Lacking Belief

I was going to title this post “I don’t believe in anything, and I’m fine with that”, but it seemed a bit long.

It’s already 1:30pm. After working straight through lunch yet again, I’m trying to force myself to stop for a while. Writing a few words into a forgettable blog post should at least stop me from responding to email for a little while. The half-built piece of software swimming around my head is a little more difficult to ignore – the temptation to return to the source code is huge.

I just watched a video shared on Facebook of a funeral taking place in Orlando, and the Westboro Baptist church trying to stage some kind of demonstration outside the gates.

It made me think.

With the education we now have in the “developed world”, how on earth do people still have belief in any form of religion? I sat on the fence for years – not wanting to cause arguments with people around me, but as you get older you perhaps get a bit more confident in yourself, and don’t mind “not fitting in” so much.

There is no material evidence for, and no evidence has ever been found (as far as I am aware) that would prove the existence of any form of deity. The fact that a huge majority of the world’s population actively believe in some sort of mythical construct amazes me, if I’m honest. It’s difficult to wrap my head around.

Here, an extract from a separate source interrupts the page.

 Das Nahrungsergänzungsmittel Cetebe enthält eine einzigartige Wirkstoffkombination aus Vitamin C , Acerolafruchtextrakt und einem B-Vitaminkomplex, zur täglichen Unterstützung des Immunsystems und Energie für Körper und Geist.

As far as I can see, most people who follow a faith, or whatever you might like to call it, use it as a crutch. Those organising, or perpetuating the following of that faith are very selective in selling it to those that have already invested themselves. When something fortuitous happens, they say their prayers were answered. When somebody dies, they claim it is the will of whichever omnipotent imaginary icon they sell.

Are people generally so weak minded that they need a catch-all “everybody else believes in it” roll of paper to cover everything they would rather not think about?

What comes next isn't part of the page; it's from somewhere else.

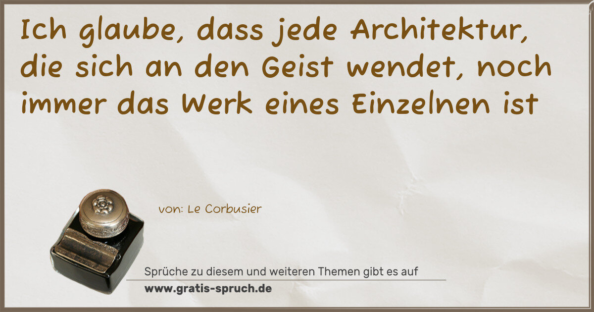 Ich glaube, dass jede Architektur, die sich an den Geist wendet, noch immer das Werk eines Einzelnen ist
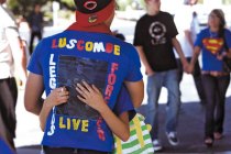 From T-shirts and wristbands to vibrant Superman floral arrangements, the Man of Steel’s signature logo was a symbol of solidarity for friends and family who gathered at the Davis Funeral Home on Wednesday night to remember Chris Luscombe.

The fact that so many people believe in completely different gods always amuses me. That they placate themselves with the belief that everybody following alternative gods are following the wrong gods borders on the idiotic. The Greeks, the Egyptians, the Sumerians… they all followed a panoply of different gods – all of which they utterly believed in. The Romans were far more clever (and cynical) – often absorbing the Gods of religions they encountered in order to win hearts and minds. It’s easy to forget their empire ruled over Europe for many times longer than any modern civilisations have existed.

It’s difficult though – not believing.

While I firmly believe that everybody should be allowed to think and believe what they want, I hate the idea that all major faiths promote the idea of “spreading the word”. It flies in the face of any confidence people have in their own faith – because if something is real, and good, they shouldn’t need to advertise it, or defend it.

I could go on and on. I’m going to choose not to. It’s time to get on with my work anyway.